I shoot 125 gr, way back when I started, that was the most common and easily available.

My daughters shoot the same, so that we can all share. 

I have shot some heavier heads, when I needed to, to adjust the spine of some stiff arrows.

Your balance point of your arrow, should be a bit forward of center. I believe they call this POC. I think something like 10 to 20 percent of center. Jammer can probably tell you exactly. Having an arrow a bit front heavy gives better flight and penetration...so they say. So, you don't want to go too light on the front end.


----------



## Night Trout (Jun 19, 2006)

Found a good read.........

http://www.huntersfriend.com/carbon_arrows/hunting_arrows_selection_guide_chapter_3.htm


----------



## RedFly (Mar 22, 2010)

I agree with Chunky. Think of pushing a flexible arrow into an animal by hand. Would it be easier to push it in by the knock, or by grabbing the arrow close to the point? Also, why do you think darts are so front heavy?

Another thing to consider, if a small flap on an airplane's wing greatly changes the flight of the plane with only a small degree change, how much will an arrow's path change inside an animal if its blades are bent by impacts from bone or tendon?

I like exit wounds on the opposite side from the entry wound. Regarding resistance during penetration, do you think more blades or less blades slow down the arrow inside the animal? What about long pointy tips verses short, acute-angled ones? Cut on contact verses chisel tip?

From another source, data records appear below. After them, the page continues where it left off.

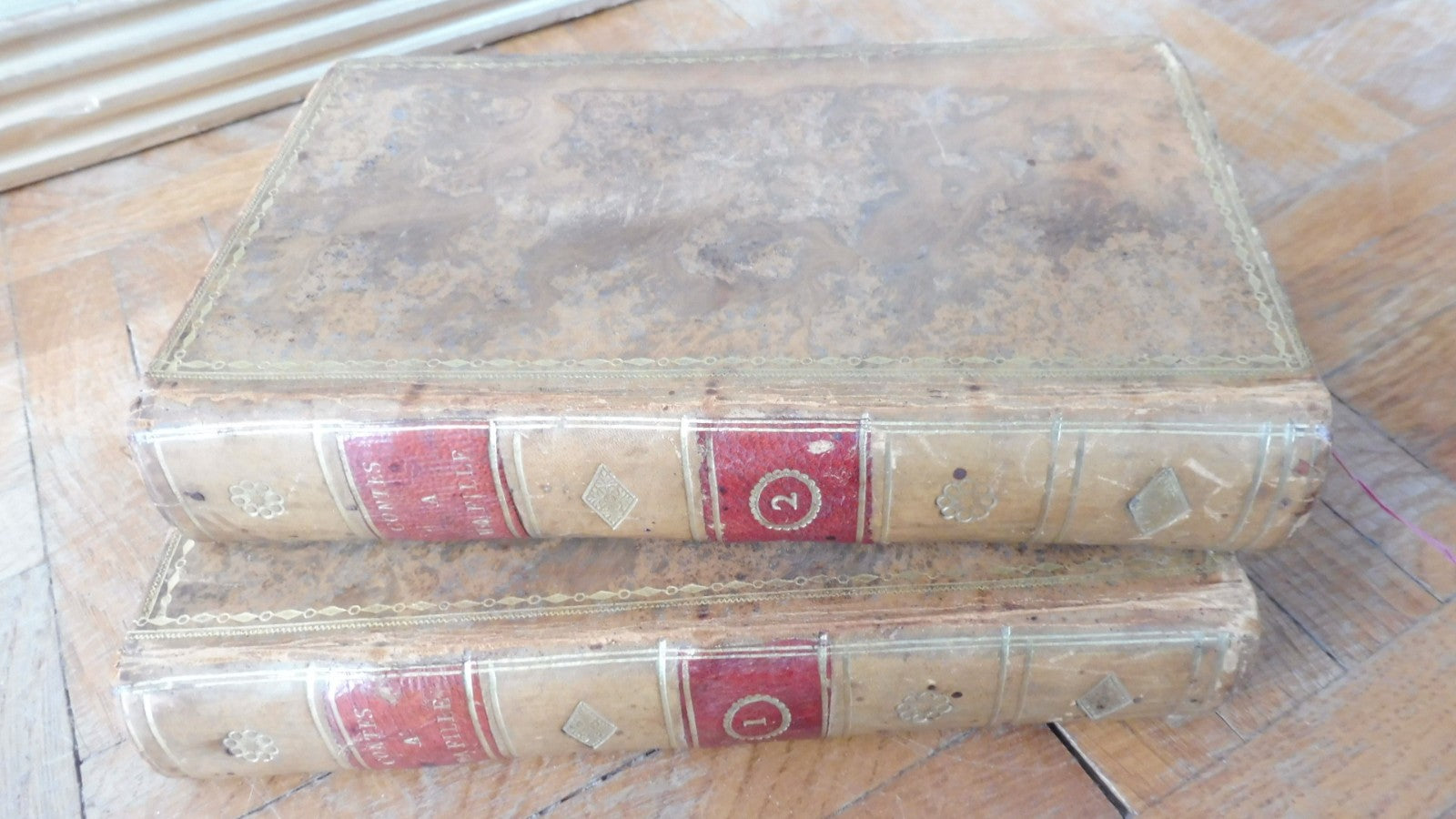 Pleins cuirs à dos lisse, pièces de titre et tomaison. Reliures en état correct, menues épidermures. Tranches correctes. Mouillures anciennes et rousseurs.. t. 1 : vignette de titre + 10 gravures. t. 2 : pièce de titre + 6 gravures.
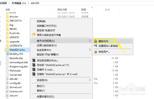 2:右键单击此文件夹,选择授予访问权限,如下图所示
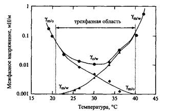 Рис. 19. Зависимость межфазного натяжения от температуры для системы масло-вода-НПАВ. Символы гп/w, Ym/o и Ym/w соответствуют межфазному натяжению на границах мало-вода, средняя фаза-масло и средняя фаза-вода. Система сбалансирована при 300C
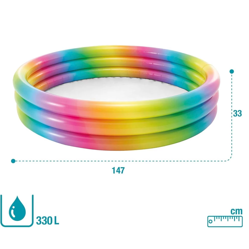 The Intex Rainbow Ombre Inflatable Kiddie Pool is designed to bring vibrant colors and joy to your backyard or outdoor play area. The pool features a beautiful ombre effect, transitioning through the colors of the rainbow. This eye-catching design creates a visually appealing and playful environment for children. The pool’s round shape and inflatable construction make it easy to set up and store, providing a perfect spot for little ones to splash and cool off on hot days.
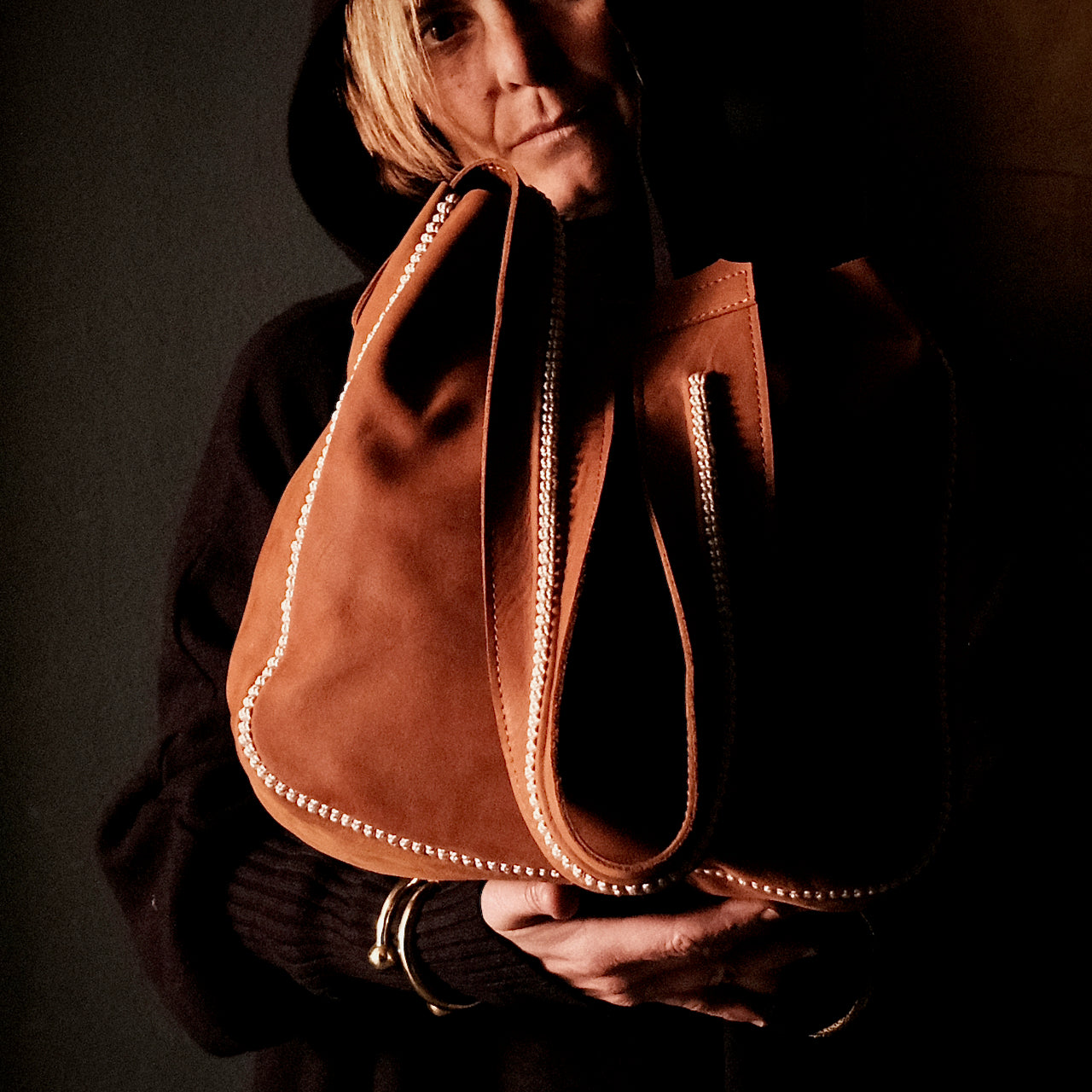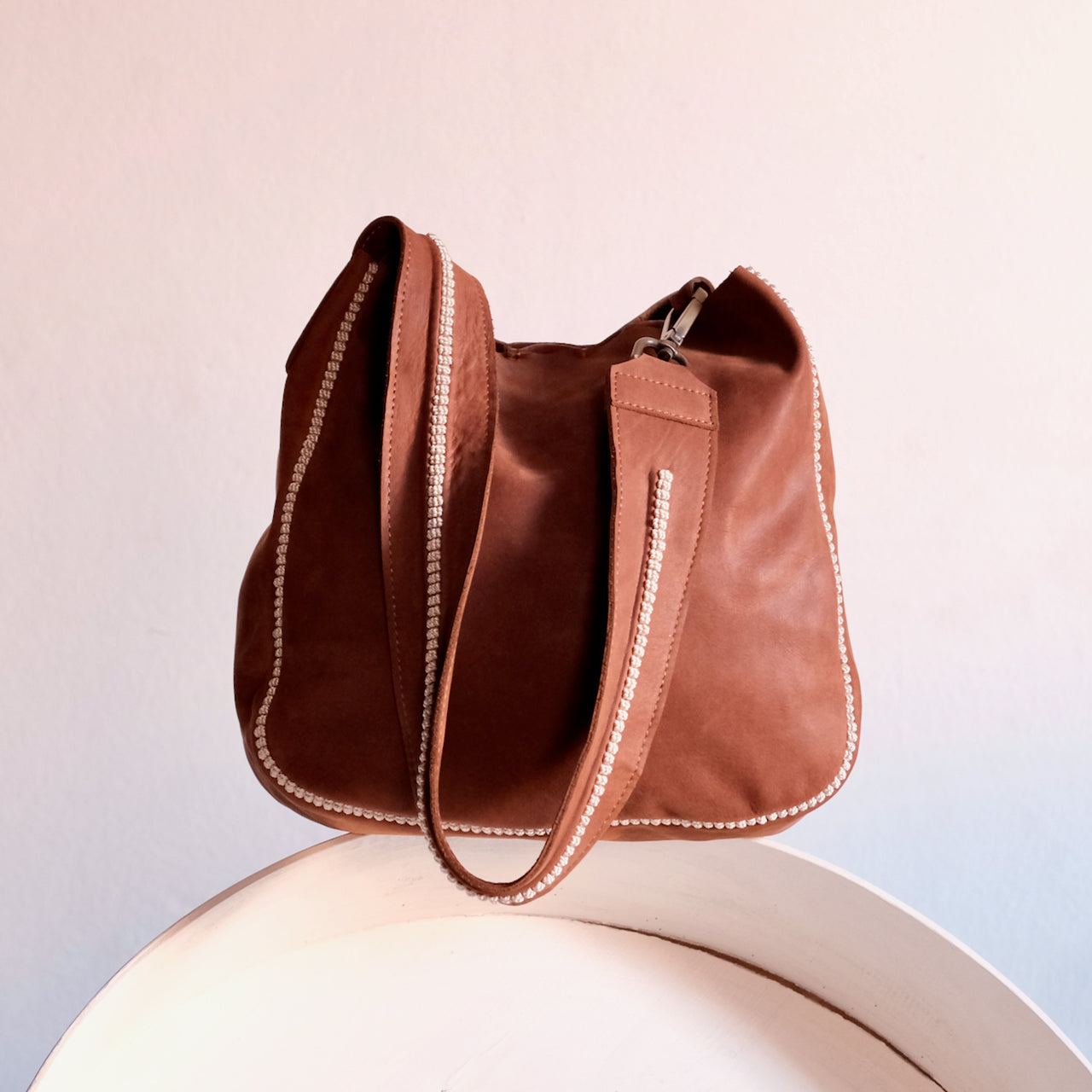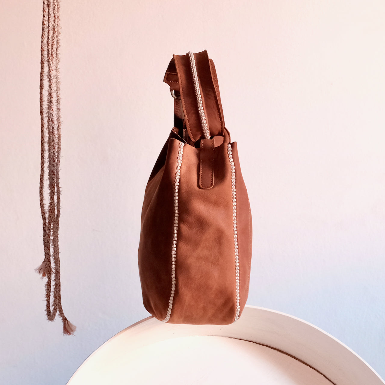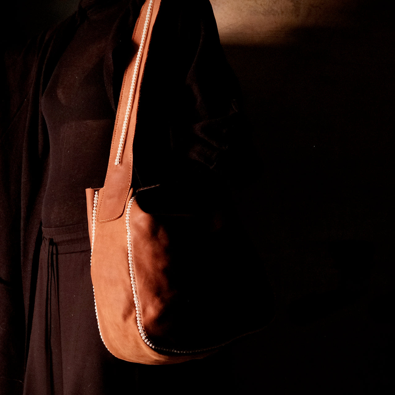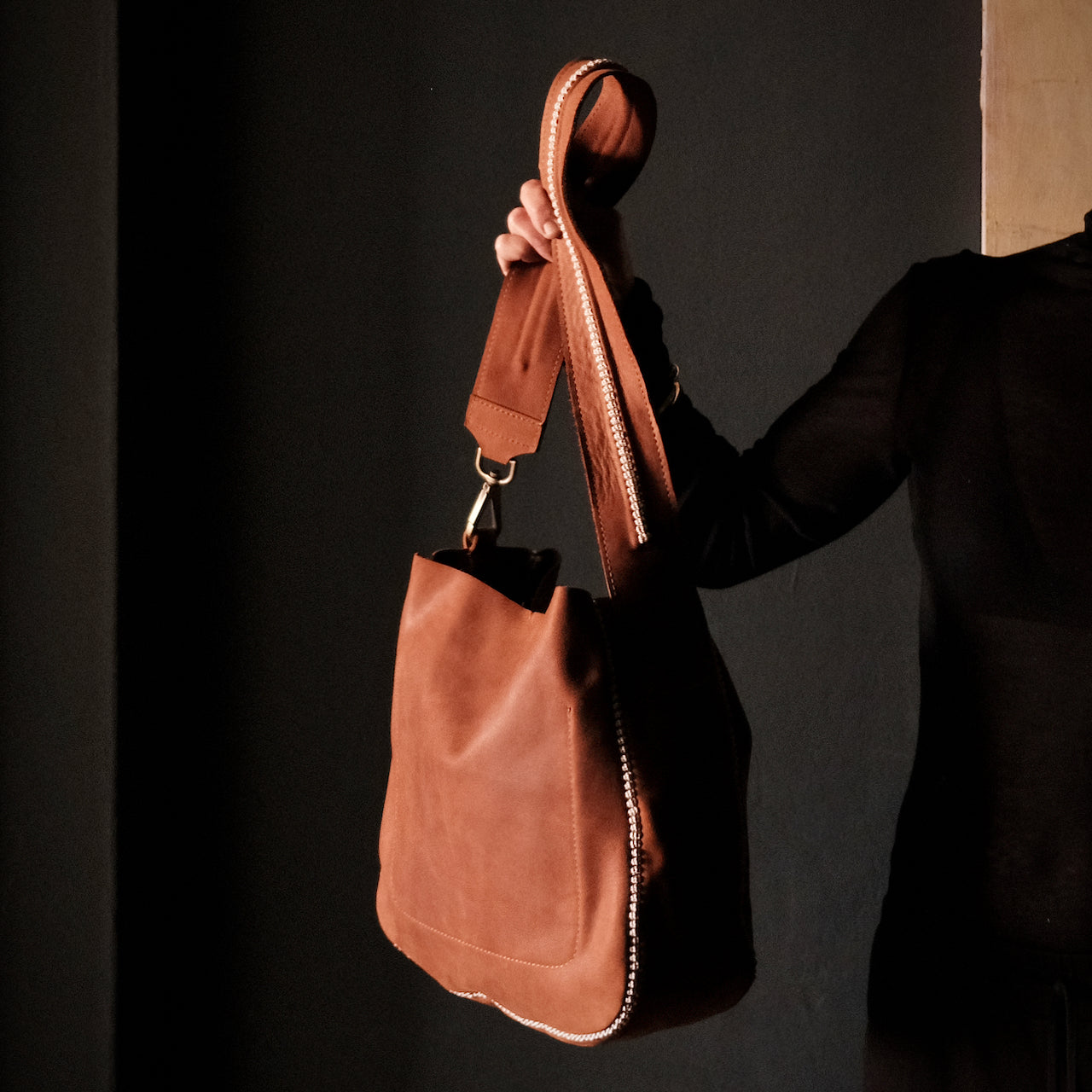 Détail contrasté 'Sarma' cousu main sur le sac et la bandoulière
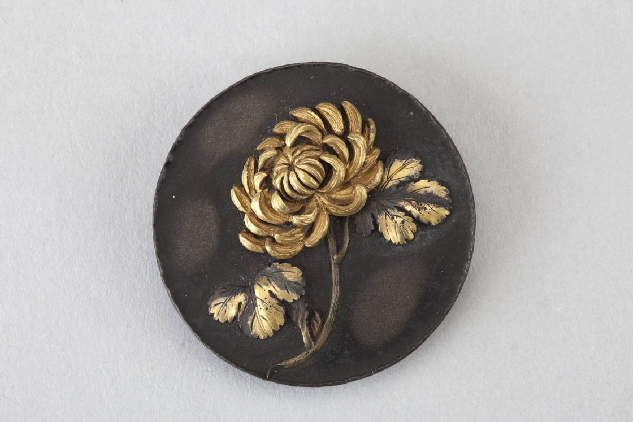 Elemento di netsuke del tipo kagamibuta, in bronzo patinato e dorato, a forma di bottone rotondo, raffigurante una peonia con due foglie.
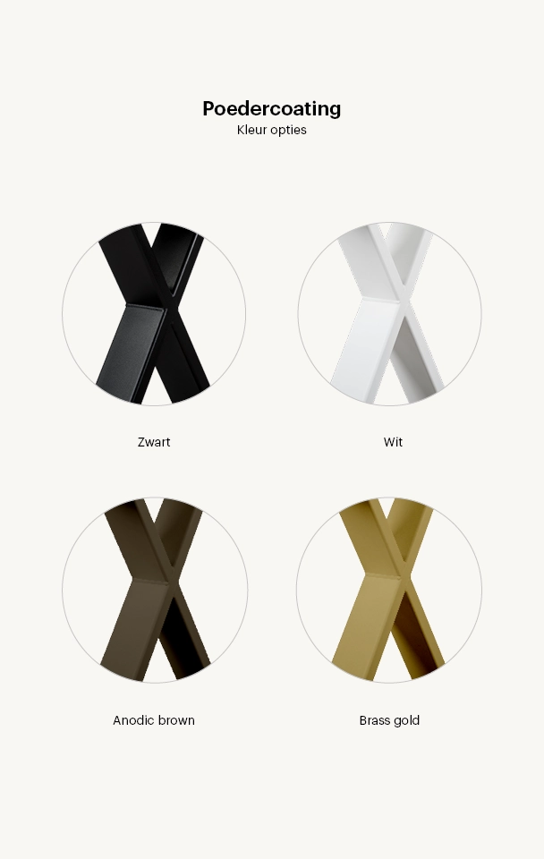 Daarnaast kun je kiezen voor een zwarte, witte of een andere kleur poedercoating. Hiermee krijgt het onderstel een strakke, moderne look waarbij de kleur egaal is aangebracht.
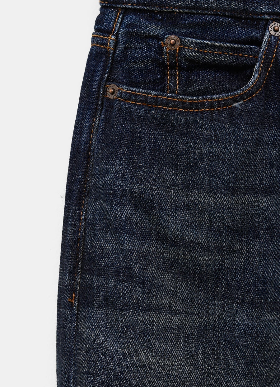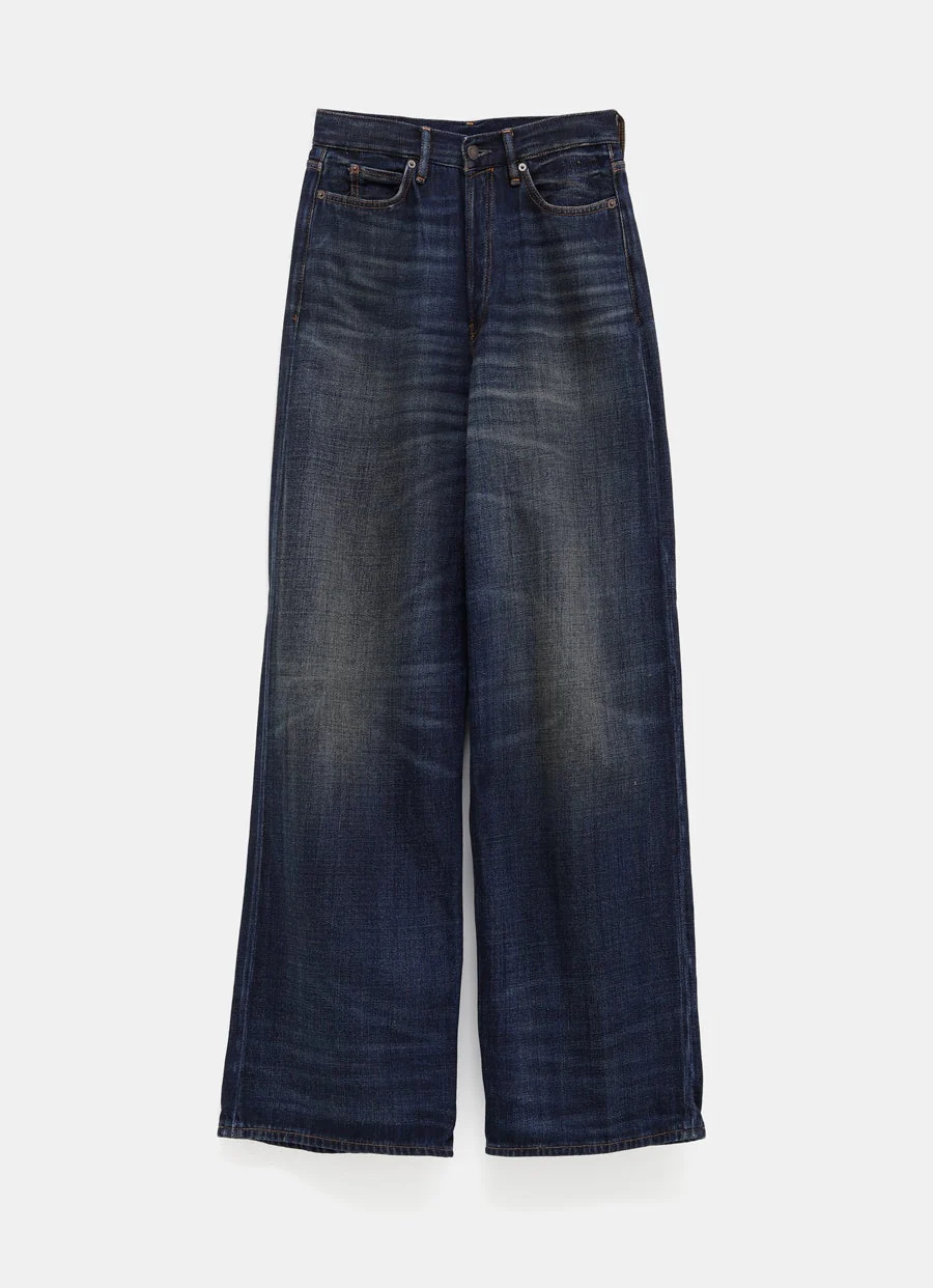Vaqueros unisex de Acne Studios en denim r铆gido de algod贸n con lavado azul oscuro. De corte holgado con cintura baja, perneras muy anchas y largo extra. Talla normal, elige tu talla habitual. Talla est谩ndar unisex de Acne Studios.

Now do you have to have an arrow optimized for penetration to kill a whitetail? Nope. A quartering away shot behind the ribs towards the far leg with a light arrow and a field point will do it with a fast bow. Does an arrow optimized for penetration increase your kill percentage? YES.

With that in mind, I shoot the strongest, best-penetrating broadheads I can find whether I'm shooting my 40 lb. Recurve or 308 fps Compound. Why not think of an arrow to be more like a mini spear?

My current out of the box favorite:
http://www.abowyer.com/abowyer_carbon_screw_on_brown_bear.html

These shoot A LOT more accurate than any of the 100 grain tips I tried and have way more momentum at longer distances than anything else I've seen used. The only problem I have is sometimes they go through my new foam deer target and damage the fletchings... and Yes you need a more stiff arrow with a heavier point. But all the carbon shafts I've seen are WAY more stiff than they need to be, and a much heavier broadhead can be shot than you might think.


----------



## bountyhunter (Jul 6, 2005)

RedFly said:


> My current out of the box favorite:
> http://www.abowyer.com/abowyer_carbon_screw_on_brown_bear.html


I agree with the Abowyer Brown Bear heads. I use the 175g glue on heads for my wood arrows. These things will really blow through hogs, even out of my 45 pound longbow.


----------